FIG. 3 is a block diagram showing the basic structure of the ink-jet printer 100 according to an embodiment of the present invention.
The printer includes a controller 101 for controlling the overall operation of the ink-jet printer according to this embodiment. A head driver 102 performs printing by driving an ink-jet head 105 based upon print data from the controller 101. Motor drivers 103, 104 drive corresponding carriage and sheet-feed motors 106, 107, respectively. An input unit 108 receives an input of image data from an external device such as the host computer 200 and supplies the image data to the controller 101.
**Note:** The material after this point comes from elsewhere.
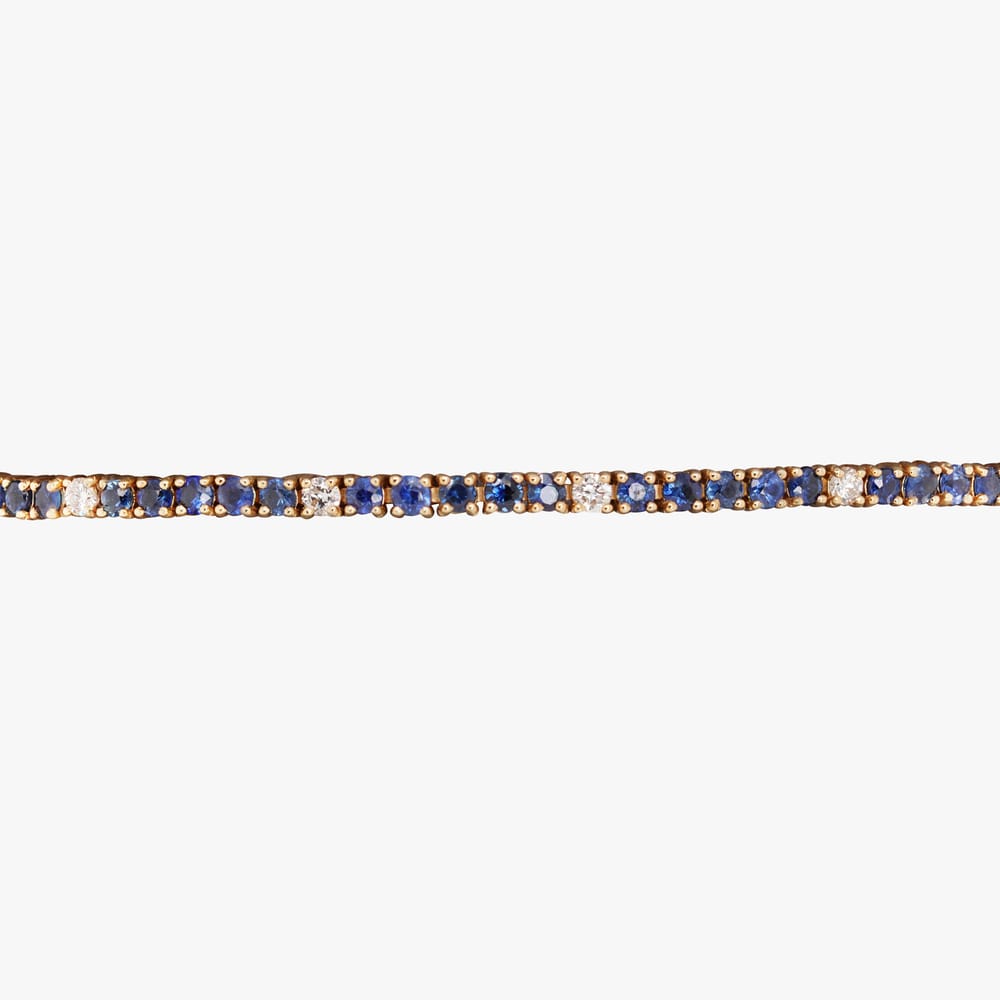 This elegant tennis bracelet features a captivating arrangement of blue sapphires and sparkling diamonds set in lustrous 14K yellow gold, perfect for adding a touch of sophistication to any outfit.

As for the structure of the controller 101, the latter includes a CPU such as a microprocessor, a program memory 111 for storing a program executed by the CPU 110, and a RAM 115 having a work area, which stores various data when the CPU 110 operates, and a print buffer 116 for storing print data. The controller 101 further includes a print buffer controller (PBC) 112, which exercises control so as to extract print data, which is to be printed, from the print buffer 116; the input and output correction tables 113, 117; and mask data 114 used to decide data to be printed when the ink-jet head 105 is scanned. In a case where the above-described processing is executed by the printer driver 221, the correction tables 113, 117 need not be provided in the ink-jet printer 100.
FIG. 4 is a diagram useful in describing the structure of the printing section of the ink-jet printer 100 according to this embodiment of the present invention.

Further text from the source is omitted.